Olivia’s smile vanished like a breeze in a hurricane. “Do you, do I? I think Aaron knows that his impulsiveness will get the better of him one day. It’s my job to make sure that he doesn’t explode… prematurely,” She said with a slight doubt in her voice. “What do you want me to say, Emily? I already gave him what he deserved for that stunt. What else is there to do?” Olivia finished.
"I don't know. But I know that what happened on the road was a chance sighting, nothing really serious. Definitely nothing we couldn't handle. If that's how he responds to something so small, what's going to happen when we're in a serious fight?"
“Where is this coming from, Em? What do you have against Aaron?”

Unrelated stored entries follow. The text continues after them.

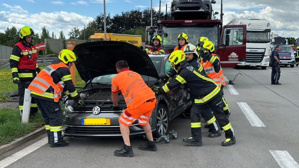 Durch einen E-Call wurde die FF-Suben gemeinsam mit der FF-St. Marienkirchen gegen 11:02 Uhr zu einem Verkehrsunfall mit eingeklemmter Person im Bereich der A8 Grenzübergang Suben - Zollamtsgelände gerufen. Bereits auf der Anfahrt wurden die Einsatzkräfte durch Florian LFK darüber informiert, dass zumindest ein Unfallfahrzeug auf der Seite liegt. Bereits bei der Anfahrt von der Auffahrt zur Autobahn bis kurz vor dem Grenzübergang hatte sich ein Stau gebildet. Die Bereits eingetroffene Polizei hatte die A8 in diesem Bereich gesperrt. Die Einsatzkräfte der Feuerwehr bauten sofort eine Rückwärtssicherung auf um schnellstmöglich mit dem Hydraulischen Rettungsgerät die Befreiung der Verunfallten Person in die Wege zu leiten. Person bereits befreit - Die zuvor eingeklemmte Person konnte durch die Polizei bereits durch die hintere Fahrertür aus dem Fahrzeug befreit werden. Somit konnte der Einsatzschwerpunkt auf das Freimachen der Fahrbahn und beseitigen der Trümmer gelegt werden. Bereits 30 Minuten nach der Alarmierung konnte eine Fahrspur für den Verkehr freigegeben werden. Nach 55 Minuten nach der Alarmierung wurde der 2. Fahrstreifen der A8 freigegeben und die Einsatzkräfte rückten in die Feuerwehrhäuser ein. Gegen 12:15 Uhr beendeten beide Feuerwehren den Einsatz.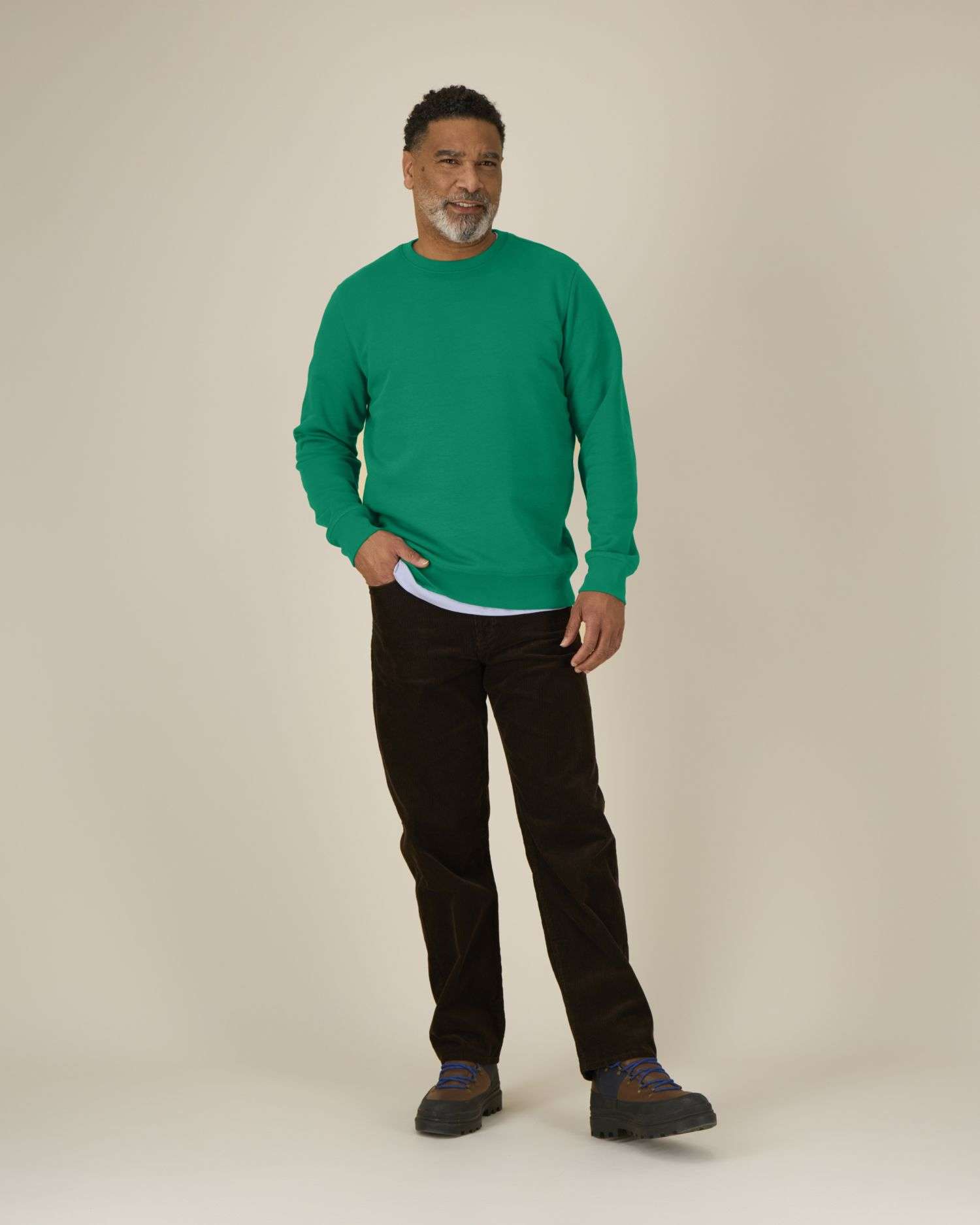 Manica a giroColletto, polsini e bordo inferiore a costine 1x1Nastrino di rinforzo con motivo spigato sull’interno colloImpuntura piatta su tutte le cucitureMezzaluna sull’interno del collo nel tessuto principale
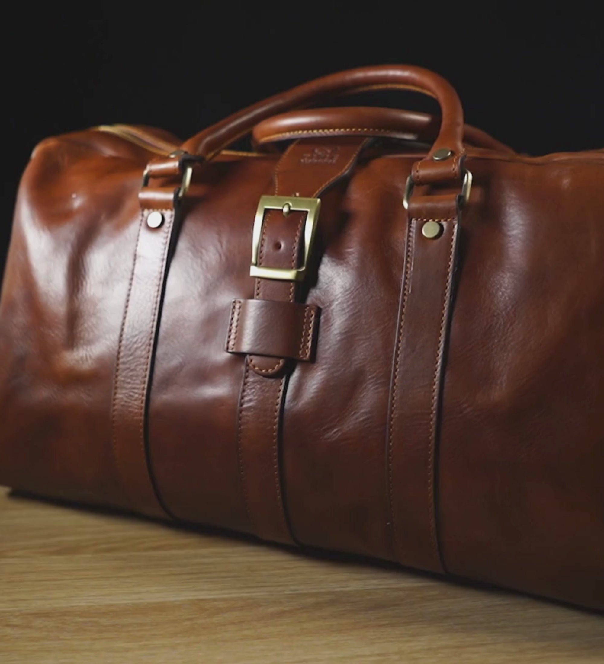 Cognac Brown Matte Leather Duffel Bag - Tender Is the Night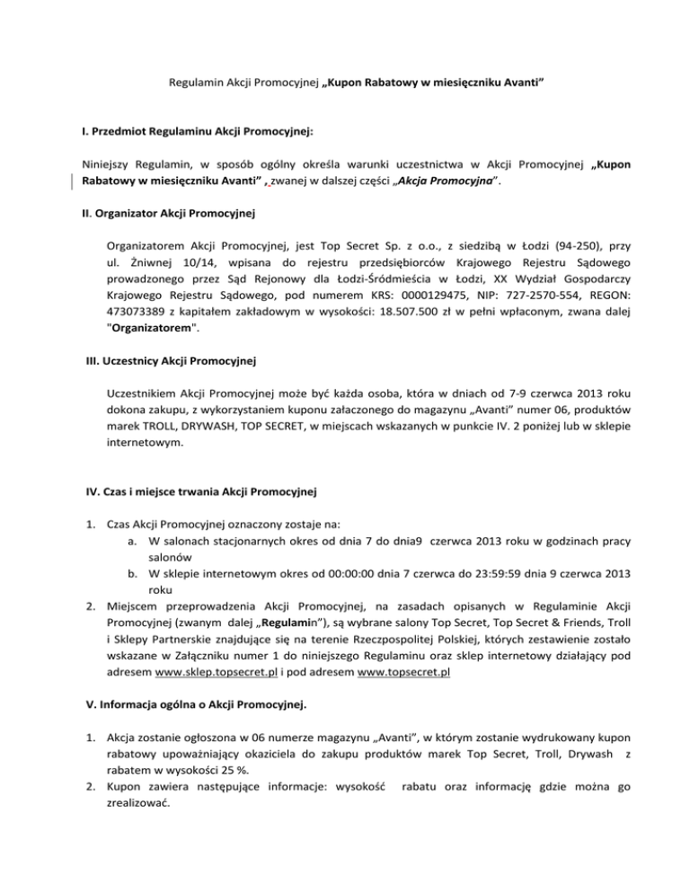 Regulamin Akcji Promocyjnej „Kupon Rabatowy w miesięczniku Avanti” I. Przedmiot Regulaminu Akcji Promocyjnej: Niniejszy Regulamin, w sposób ogólny określa warunki uczestnictwa w Akcji Promocyjnej „Kupon Rabatowy w miesięczniku Avanti” , zwanej w dalszej części „Akcja Promocyjna”. II. Organizator Akcji Promocyjnej Organizatorem Akcji Promocyjnej, jest Top Secret Sp. z o.o., z siedzibą w Łodzi (94-250), przy ul. Żniwnej 10/14, wpisana do rejestru przedsiębiorców Krajowego Rejestru Sądowego prowadzonego przez Sąd Rejonowy dla Łodzi-Śródmieścia w Łodzi, XX Wydział Gospodarczy Krajowego Rejestru Sądowego, pod numerem KRS: 0000129475, NIP: 727-2570-554, REGON: 473073389 z kapitałem zakładowym w wysokości: 18.507.500 zł w pełni wpłaconym, zwana dalej "Organizatorem". III. Uczestnicy Akcji Promocyjnej Uczestnikiem Akcji Promocyjnej może być każda osoba, która w dniach od 7-9 czerwca 2013 roku dokona zakupu, z wykorzystaniem kuponu załaczonego do magazynu „Avanti” numer 06, produktów marek TROLL, DRYWASH, TOP SECRET, w miejscach wskazanych w punkcie IV. 2 poniżej lub w sklepie internetowym. IV. Czas i miejsce trwania Akcji Promocyjnej 1. Czas Akcji Promocyjnej oznaczony zostaje na: a. W salonach stacjonarnych okres od dnia 7 do dnia9 czerwca 2013 roku w godzinach pracy salonów b. W sklepie internetowym okres od 00:00:00 dnia 7 czerwca do 23:59:59 dnia 9 czerwca 2013 roku 2. Miejscem przeprowadzenia Akcji Promocyjnej, na zasadach opisanych w Regulaminie Akcji Promocyjnej (zwanym dalej „Regulamin”), są wybrane salony Top Secret, Top Secret & Friends, Troll i Sklepy Partnerskie znajdujące się na terenie Rzeczpospolitej Polskiej, których zestawienie zostało wskazane w Załączniku numer 1 do niniejszego Regulaminu oraz sklep internetowy działający pod adresem www.sklep.topsecret.pl i pod adresem www.topsecret.pl V. Informacja ogólna o Akcji Promocyjnej. 1. Akcja zostanie ogłoszona w 06 numerze magazynu „Avanti”, w którym zostanie wydrukowany kupon rabatowy upoważniający okaziciela do zakupu produktów marek Top Secret, Troll, Drywash z rabatem w wysokości 25 %. 2. Kupon zawiera następujące informacje: wysokość rabatu oraz informację gdzie można go zrealizować. 3. Kupon uprawnia do jednorazowej zniżki na zakupy w Salonach Stacjonarnych, która będzie weryfikowana poprzez okazanie sprzedawcy kuponu, podczas dokonywania zakupów w salonie. Powyższe ograniczenie jednorazowego skorzystania z upustu nie dotyczy zakupów w sklepie internetowym. 4. Wszelkie informacje o Akcji Promocyjnej zawarte w materiałach promocyjnych i reklamowych mają wyłącznie charakter informacyjny. Wiążącą moc prawną mają postanowienia niniejszego Regulaminu. 5. Wszelkie informacje o promocji znajdują się na stronie internetowej Organizatora. VI. Zasady i warunki obowiązywania promocji 1. Uczestnik Akcji Promocyjnej może skorzystać zniżki rabatu 25% na zakupy nieprzecenionych produktów z kolekcji wiosna/lato 2013 marek TOP SECRET, TROLL, DRYWASH. Zniżka zostanie udzielona na warunkach określonych w niniejszym Regulaminie. 2. Zniżki nie łączą się ze sobą, ani z żadnymi innymi promocyjnymi ofertami cenowymi wprowadzonymi przez Salony Stacjonarne czy Sklep internetowy, 3. Zwrot produktów zakupionych w promocji jest możliwy na ogólnych zasadach dostępnych w salonach. 4. Ilość produktów objętych Akcją Promocyjną jest ograniczona. W przypadku braku towaru objętego promocją Uczestnikowi nie przysługują z tego tytułu żadne roszczenia. 5. Akcja Promocyjna trwa w okresie oznaczonym w Regulaminie promocji. Organizator zastrzega sobie prawo do skrócenia okresu trwania Akcji Promocyjnej w uzasadnionych przypadkach. 6. Za wadliwe lub niepełne odczytanie hasła Akcji Promocyjnej, Organizator nie odpowiada. 7. Wszelkie ewentualne skargi lub żądania, związane ze sposobem przebiegu Akcji Promocyjnej Uczestnik może kierować na piśmie do Organizatora w terminie 3 dni od daty zakończenia Akcji Promocyjnej, celem rozpatrzenia zasadności skargi lub żądania. O przyjęciu skargi lub żądania decyduje data nadania listem poleconym zgodnie z przepisami kodeksu cywilnego. 8. Skargi nadane po upływie powyższego terminu nie będą rozpatrywane. Skargi rozpatrywać będzie Organizator w terminie 14 dni od dnia ich otrzymania. 9. Niniejszy Regulamin jest dostępny w siedzibie Organizatora i na stronie internetowej www.topsecret.pl. 10. W uzasadnionych przypadkach Organizator zastrzega sobie prawo do zmiany niniejszego Regulaminu, do zmiany terminu obowiązywania Akcji Promocyjnej, jak również listy salonów uczestniczących w promocji, bez umniejszenia praw nabytych przez Użytkowników przed dniem dokonania zmian. VII. Postanowienia końcowe 1. Wszelkie sprawy sporne związane z Akcją Promocyjną będą rozstrzygane przed miejscowo i rzeczowo właściwym sądem. W sprawach nieuregulowanych niniejszym Regulaminem odpowiednie zastosowanie mają powszechnie obowiązującego przepisy prawa. 2. Organizator nie ponosi odpowiedzialności za ewentualne kwestie sporne powstałe z przyczyn leżących po stronie osób trzecich. Załącznik Nr1. TOP SECRET ŁUKÓW 21-400 NOWOPIJARSKA 9 TOP SECRET ŁOWICZ 99-400 KRAKOWSKA 7 TOP SECRET ŁOMŻA 18-400 AL.J.PIŁSUDSKIEGO 14A TOP SECRET TARNOBRZEG 39-400 PIŁSUDSKIEGO 16 TOP SECRET BEŁCHATÓW 97-400 1 MAJA 2 TOP SECRET WAŁCZ 78-600 KILIŃSZCZAKÓW 44 TOP SECRET LUBARTÓW 21-100 LUBELSKA 26 TOP SECRET LEŻAJSK 37-300 RZESZOWSKA 2 TOP SECRET RADOM 26-600 AL.GRZECZNAROWSKIEGO 28 TOP SECRET KROSNO 38-400 TKACKA 2C TOP SECRET KROTOSZYN 63-700 SŁODOWA 13 TOP SECRET OLKUSZ 32-300 RABASZYŃSKA 2 TOP SECRET RZESZÓW 35-001 PIŁSUDSKIEGO 34 TOP SECRET WARSZAWA 03-734 TARGOWA 72 TOP SECRET NOWY SĄCZ 33-300 NAWOJOWSKA 1 TOP SECRET KRAŚNIK 23-210 URZĘDOWSKA 551 TOP SECRET CIECHANÓW 06-400 WARSZAWSKA 62 A I B TOP SECRET NOWY DWÓR MAZOWIECKI 05-100 ZAKROCZYMSKA 10 TOP SECRET SIEDLCE 08-100 WOJSKOW

"Nothing. It's not like that. But I feel like this means there are circumstances were I - we - can't trust him."
“You shouldn’t be talking like this, Emily. Aaron is our friend, who was also the friend of someone that I shouldn’t have to remind you of, and we stand by his side no matter what, Olivia said. “Let me worry about what he does, and let me deal with it,… you just focus on what you are supposed to be doing,” she finished.
"You said it yourself - you don't want anything to happen to him. To us. I want the same thing."
“But… what? You think that Aaron is going to prevent that with how he is?”
"Not on purpose, but I think he could. If he gets mad, we have to rush in and save him. What choice would we have?"
“… It’s an interesting point, but what can we do about it other than support him and each other? When push comes to show, we are all going to crack at some point – even
you and me. Then we’re going to be grateful that he is there to take the heat.”
"I don't know," Emily said. "That's true. Nothing we can do now. We can't leave him behind."
“It baffles me that you would even imply that… we would consider leaving Aaron behind. I think you should get some sleep, Emily. I’m going to try to catch some myself.
Whatever problems we might run into in Norton City, we’ll deal with then, not now.”
Then will be too late. Emily thought, but didn't say. "Night, Olivia. Sorry to bother you with this crap - it was just something I was thinking about."
“It’s not crap… but, okay… sleep well, sweetie,” Olivia said, sounding almost apologetic.